Required work -
Print this span of the material below exactly: the line with "Step inside to", the line with "Seller Blumaple on", and every line between them, but nothing else.

[Exercise data — start]

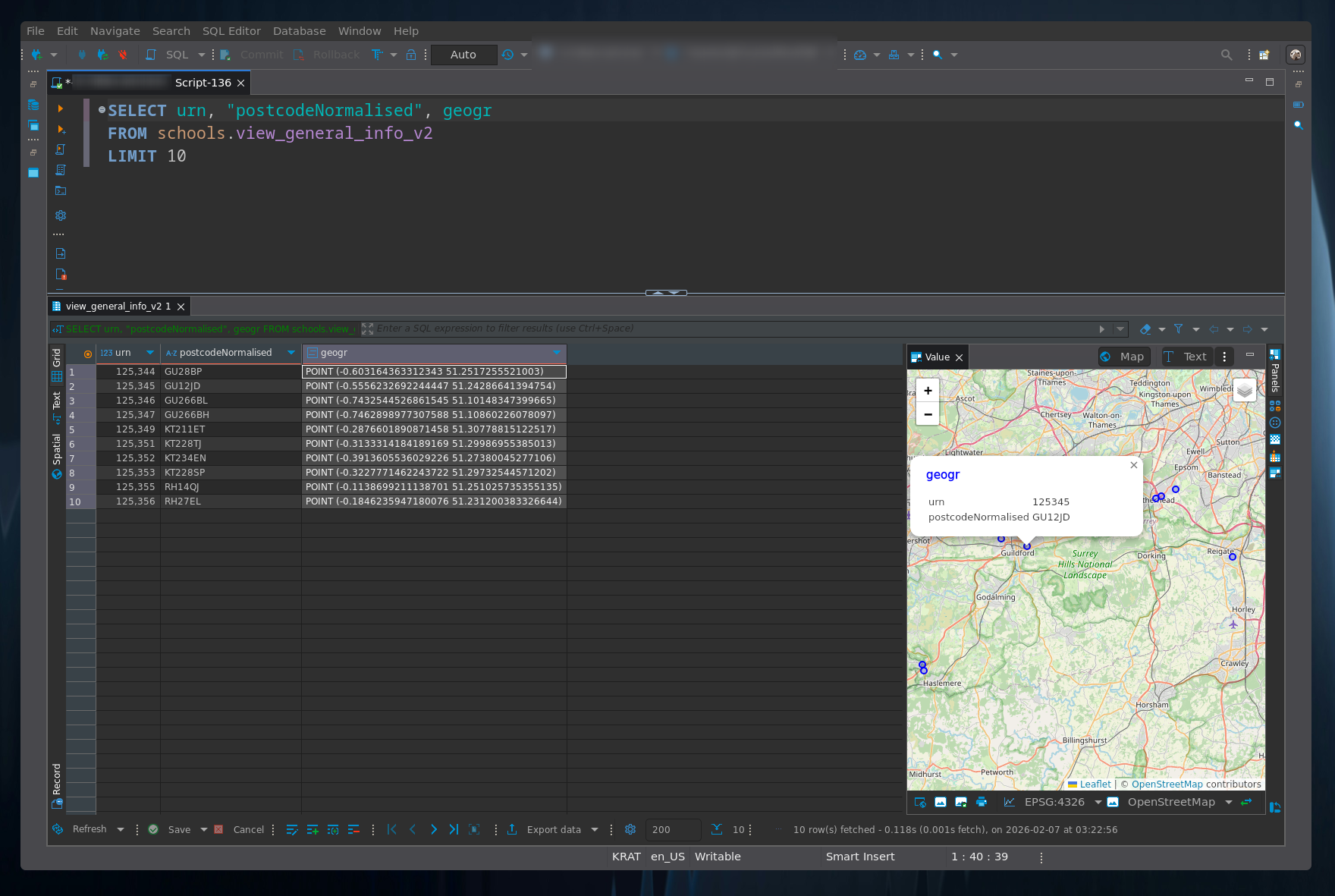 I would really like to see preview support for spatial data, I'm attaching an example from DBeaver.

[Exercise data — finish]
[Exercise data — start]

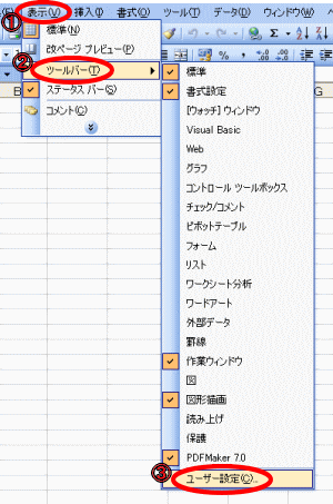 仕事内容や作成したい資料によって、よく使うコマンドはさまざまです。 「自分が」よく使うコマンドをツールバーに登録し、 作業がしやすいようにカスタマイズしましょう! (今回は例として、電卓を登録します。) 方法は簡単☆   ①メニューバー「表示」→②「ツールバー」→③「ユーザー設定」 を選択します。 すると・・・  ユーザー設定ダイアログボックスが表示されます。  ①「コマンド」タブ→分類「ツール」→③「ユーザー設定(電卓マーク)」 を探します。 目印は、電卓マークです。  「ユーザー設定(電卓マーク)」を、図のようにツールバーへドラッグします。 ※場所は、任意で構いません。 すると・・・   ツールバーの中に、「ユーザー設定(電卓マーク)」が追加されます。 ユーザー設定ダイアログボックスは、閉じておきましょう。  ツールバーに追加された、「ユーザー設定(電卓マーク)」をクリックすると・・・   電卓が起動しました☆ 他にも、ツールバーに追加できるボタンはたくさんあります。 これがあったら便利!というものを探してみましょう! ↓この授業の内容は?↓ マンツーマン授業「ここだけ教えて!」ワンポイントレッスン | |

[Exercise data — finish]
[Exercise data — start]

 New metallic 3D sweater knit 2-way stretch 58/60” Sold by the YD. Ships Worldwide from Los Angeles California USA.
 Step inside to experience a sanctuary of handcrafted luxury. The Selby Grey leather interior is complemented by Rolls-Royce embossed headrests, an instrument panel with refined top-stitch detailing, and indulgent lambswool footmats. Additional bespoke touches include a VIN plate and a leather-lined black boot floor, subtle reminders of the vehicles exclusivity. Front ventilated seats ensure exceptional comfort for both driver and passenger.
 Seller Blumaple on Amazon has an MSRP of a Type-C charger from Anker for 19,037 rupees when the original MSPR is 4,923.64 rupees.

[Exercise data — finish]

Answer section -
 Step inside to experience a sanctuary of handcrafted luxury. The Selby Grey leather interior is complemented by Rolls-Royce embossed headrests, an instrument panel with refined top-stitch detailing, and indulgent lambswool footmats. Additional bespoke touches include a VIN plate and a leather-lined black boot floor, subtle reminders of the vehicles exclusivity. Front ventilated seats ensure exceptional comfort for both driver and passenger.
 Seller Blumaple on Amazon has an MSRP of a Type-C charger from Anker for 19,037 rupees when the original MSPR is 4,923.64 rupees.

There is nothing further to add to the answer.